Ψ-Arena: Interactive Assessment and Optimization of LLM-based Psychological Counselors with Tripartite Feedback

Published 6 May 2025 in cs.CL | (2505.03293v1)

Abstract: LLMs have shown promise in providing scalable mental health support, while evaluating their counseling capability remains crucial to ensure both efficacy and safety. Existing evaluations are limited by the static assessment that focuses on knowledge tests, the single perspective that centers on user experience, and the open-loop framework that lacks actionable feedback. To address these issues, we propose Ψ-Arena, an interactive framework for comprehensive assessment and optimization of LLM-based counselors, featuring three key characteristics: (1) Realistic arena interactions that simulate real-world counseling through multi-stage dialogues with psychologically profiled NPC clients, (2) Tripartite evaluation that integrates assessments from the client, counselor, and supervisor perspectives, and (3) Closed-loop optimization that iteratively improves LLM counselors using diagnostic feedback. Experiments across eight state-of-the-art LLMs show significant performance variations in different real-world scenarios and evaluation perspectives. Moreover, reflection-based optimization results in up to a 141% improvement in counseling performance. We hope PsychoArena provides a foundational resource for advancing reliable and human-aligned LLM applications in mental healthcare.

Abstract PDF Upgrade to Chat

Summary

The paper presents Ψ-Arena, a framework that simulates realistic counseling sessions and achieves up to 141% performance improvement.
It utilizes a tripartite evaluation system assessing client satisfaction, supervisory standards, and counselor self-reflection across 33 dimensions.
The closed-loop optimization continuously refines LLM responses, marking a significant advance in AI-driven mental health support.

Ψ-Arena: Interactive Assessment and Optimization of LLM-based Psychological Counselors with Tripartite Feedback

Introduction

The utilization of LLMs in mental health support presents an emergent yet challenging domain. While such models show potential in providing scalable psychological counseling, ensuring their efficacy and safety remains crucial. Existing evaluation methods are limited by static assessments, a user-centric focus, and open-loop frameworks without actionable feedback. The paper "Ψ-Arena: Interactive Assessment and Optimization of LLM-based Psychological Counselors with Tripartite Feedback" (2505.03293) introduces an innovative framework ( $\Psi$ -Arena) to address these limitations by implementing comprehensive, interactive, and closed-loop evaluations of LLM counselors.

Framework Overview

$\Psi$ -Arena distinguishes itself by simulating real-world counseling through multi-stage dialogues with NPC clients possessing rich psychological profiles. This approach incorporates three key features:

Realistic Counseling Interactions: Virtual clients are created with authentic characteristics derived from real counseling records, allowing for meaningful exchanges throughout phases such as trust-building, diagnosis, and solution exploration.
Tripartite Evaluation: Counselor performance is assessed from multiple perspectives—client, supervisor, and counselor—each offering distinct insights into the model's capabilities across 33 dimensions.
Closed-loop Optimization: Using diagnostic feedback, LLM counselors undergo iterative improvement, enhancing their therapeutic capabilities significantly, evidenced by counseling performance improvements of up to 141%.

Evaluation and Results

The study measures the effectiveness of eight LLMs, demonstrating significant variability in performance across different counseling scenarios and perspectives. The introduction of realistic virtual interactions through $\Psi$ -Arena underscores the necessity of this multi-source evaluation approach to achieve high consistency in outcomes.

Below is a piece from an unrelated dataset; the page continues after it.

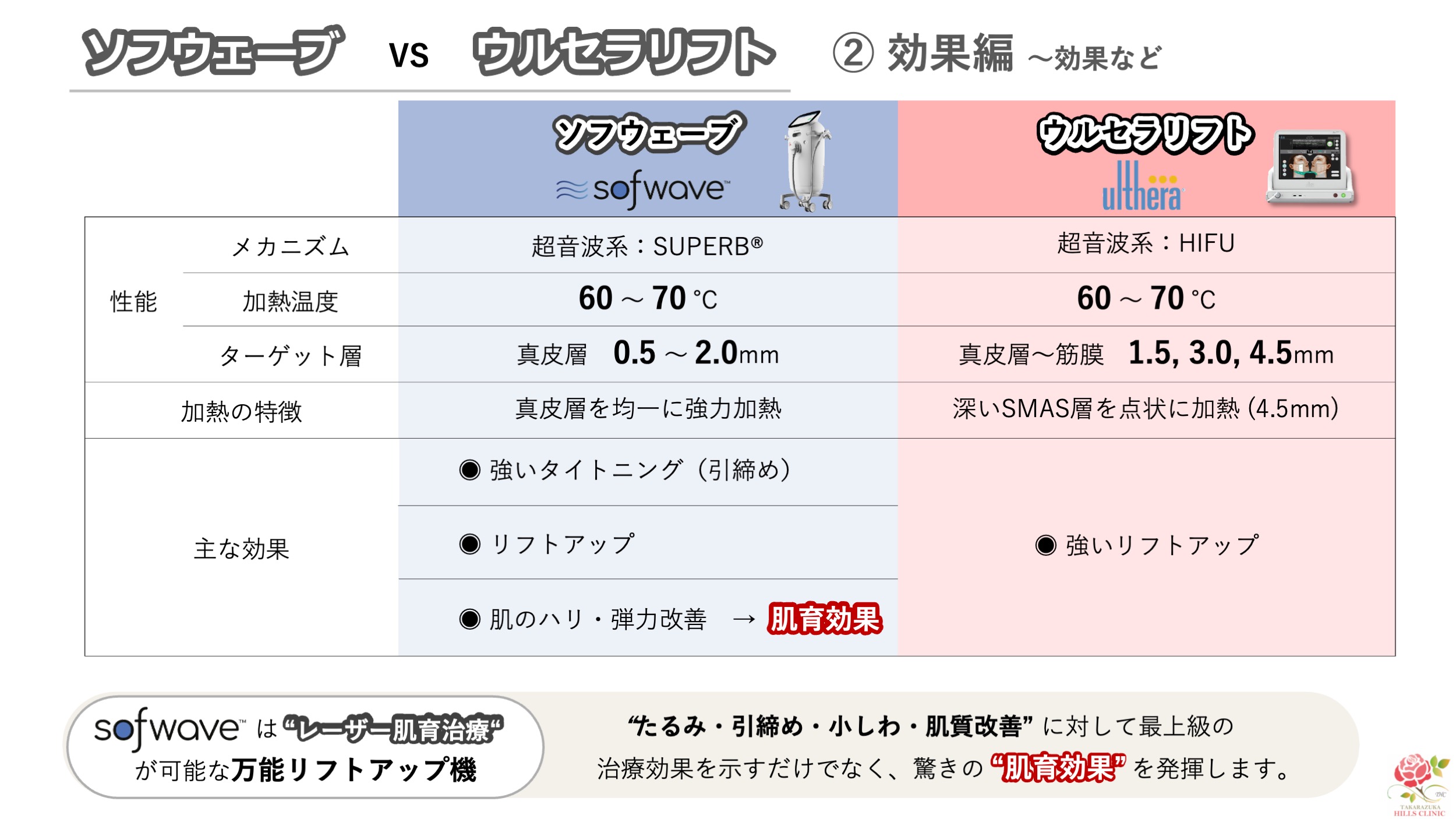 第4回は、前回に引き続き最新リフトアップ機のソフウェーブと最強ハイフのウルセラリフトの対決第2弾となります。

Figure 1: The comparison between $\Psi$ -Arena and existing studies on evaluating LLM-base counselors.

Tripartite Feedback and Optimization

The tripartite evaluation system comprises client-oriented, supervisor-oriented, and counselor-oriented scales, ensuring a holistic appraisal of model competencies:

Client Scale emphasizes subjective experience and satisfaction.
Supervisor Scale assesses professional competence and ethical adherence.
Counselor Scale promotes self-reflective practice.

The closed-loop feedback mechanism uses these evaluations to refine counselor responses iteratively.

Figure 2: Client scale.

Implications and Future Directions

The incorporation of closed-loop feedback significantly enhances the practical efficacy of LLM-based counseling, aligning it closer with therapeutic standards. This framework serves as a foundational resource for advancing LLM applications in mental healthcare and potentially opens new avenues for deploying AI in diverse psychological domains. Future research could explore the scalability of this model and its application across various cultural contexts to enhance the inclusivity and personalization of AI-driven mental health support.

Conclusion

The $\Psi$ -Arena framework presents a robust system for evaluating and improving the capabilities of LLM-based psychological counselors. Its comprehensive approach, combining realistic interactions with multi-angle evaluations and feedback-driven optimization, marks a pivotal step towards achieving clinically effective and human-aligned AI in mental healthcare. This work provides a significant contribution to the responsible development of AI applications in therapeutic settings.